• **Dataset excerpts**
◆ ◆ ◆ ◆
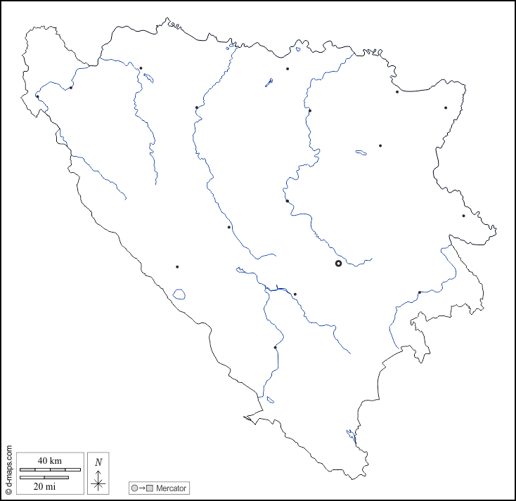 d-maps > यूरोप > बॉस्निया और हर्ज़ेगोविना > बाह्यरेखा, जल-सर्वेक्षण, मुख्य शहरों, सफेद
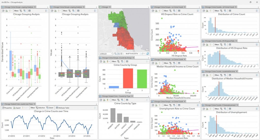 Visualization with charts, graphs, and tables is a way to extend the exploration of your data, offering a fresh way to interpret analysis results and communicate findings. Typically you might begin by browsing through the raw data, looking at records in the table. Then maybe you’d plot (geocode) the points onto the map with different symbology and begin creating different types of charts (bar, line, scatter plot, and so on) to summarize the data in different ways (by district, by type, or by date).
◆ ◆ ◆ ◆
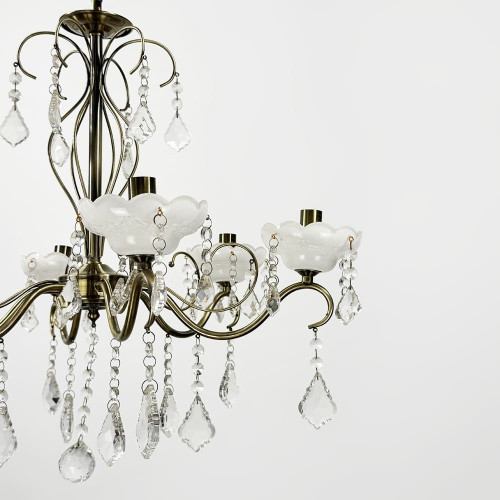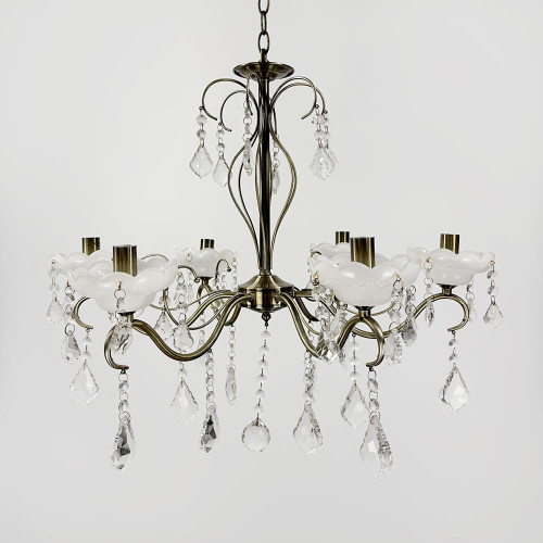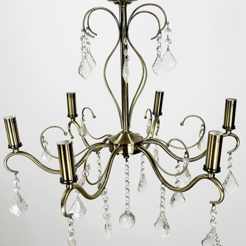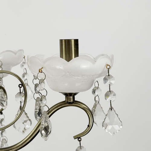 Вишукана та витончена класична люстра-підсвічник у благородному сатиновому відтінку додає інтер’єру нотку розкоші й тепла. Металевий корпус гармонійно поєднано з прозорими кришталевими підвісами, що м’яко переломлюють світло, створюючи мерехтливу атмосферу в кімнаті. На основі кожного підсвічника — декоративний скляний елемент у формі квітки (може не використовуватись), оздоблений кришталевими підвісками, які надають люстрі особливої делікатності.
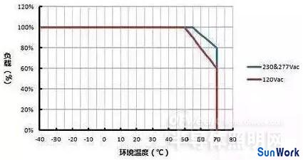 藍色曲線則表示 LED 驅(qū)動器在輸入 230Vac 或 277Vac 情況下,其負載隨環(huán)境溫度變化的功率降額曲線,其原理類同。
◆ ◆ ◆ ◆
• **Work to be completed**
Each line from the one that contains "d-maps > यूरोप" down to the one that contains "Visualization with charts, graphs, and" is to be returned exactly as it stands above, both ends included, with pictures removed.

• **Exercise output**
 d-maps > यूरोप > बॉस्निया और हर्ज़ेगोविना > बाह्यरेखा, जल-सर्वेक्षण, मुख्य शहरों, सफेद
 Visualization with charts, graphs, and tables is a way to extend the exploration of your data, offering a fresh way to interpret analysis results and communicate findings. Typically you might begin by browsing through the raw data, looking at records in the table. Then maybe you’d plot (geocode) the points onto the map with different symbology and begin creating different types of charts (bar, line, scatter plot, and so on) to summarize the data in different ways (by district, by type, or by date).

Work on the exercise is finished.